Maybe, when your child asks if something’s wrong, you should just tell her the truth: “Yes. Something is very wrong. Monsters are real and they are out there everywhere, trying to kill us.”

Won’t that freak her out?

She’s freaked out already. And she should be. The world as we know it is over, and it’s never coming back.

So, what are you saying? What am I supposed to do? Just give up?

You could give up.

Or you could fight.

What are you talking about?

I’m talking about taking those monster bastards down.

Whoa, whoa, whoa—hold on. Isn’t that impossible?

Maybe. But isn’t it worth a shot? Isn’t it better than just sitting there, waiting to die?

I can’t!

You can.

I’m scared!

I know.
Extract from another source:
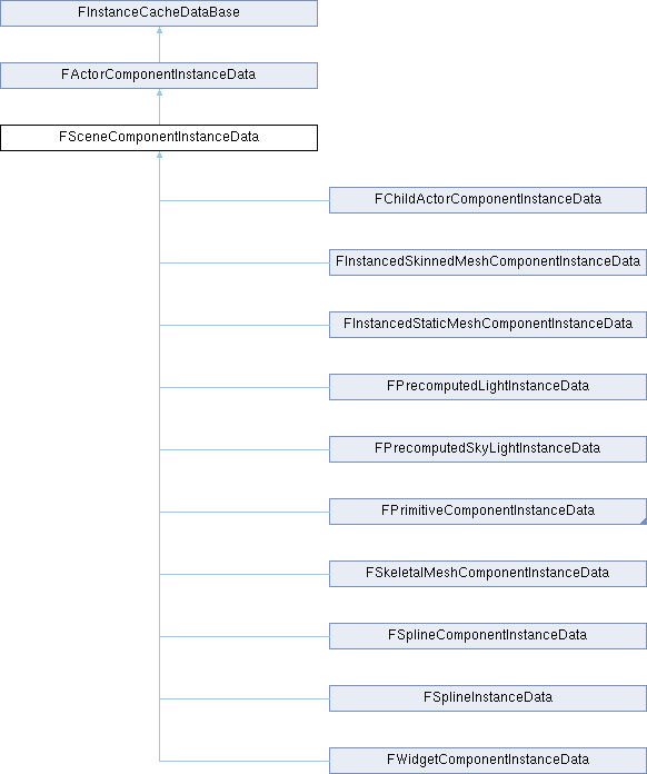 Inheritance diagram for FSceneComponentInstanceData:Public Attributes | |

But you’re stronger than you think. You can do this.

How?

Research the monsters. Learn their weaknesses. Develop a strategy. Stockpile weapons. Train obsessively. Strengthen your body and your mind.

And then what?

When the moment comes, look your child in the eye. Tell her that the stakes are high, but you’re not giving up. Tell her that you will do anything you can to protect her, and even though it’s possible you’ll fail, you’re going to fight for her with everything you’ve got. Tell her, “If these motherfucking monsters think that they can fuck with my family without me shooting them first in the face, they need to get their heads examined, because I’m going to come at them so fucking hard right now.” Watch the strength return to your child as she sees you’re in no way fucking around. Listen with pride as she vows to fight the monsters by your side. Look out the window and stare down the monsters together. Dare them to fuck with your family. Dare them to fuck with the people that you love. Take your child by the hand. Arm her to the teeth. Tell her you love her. Open the door.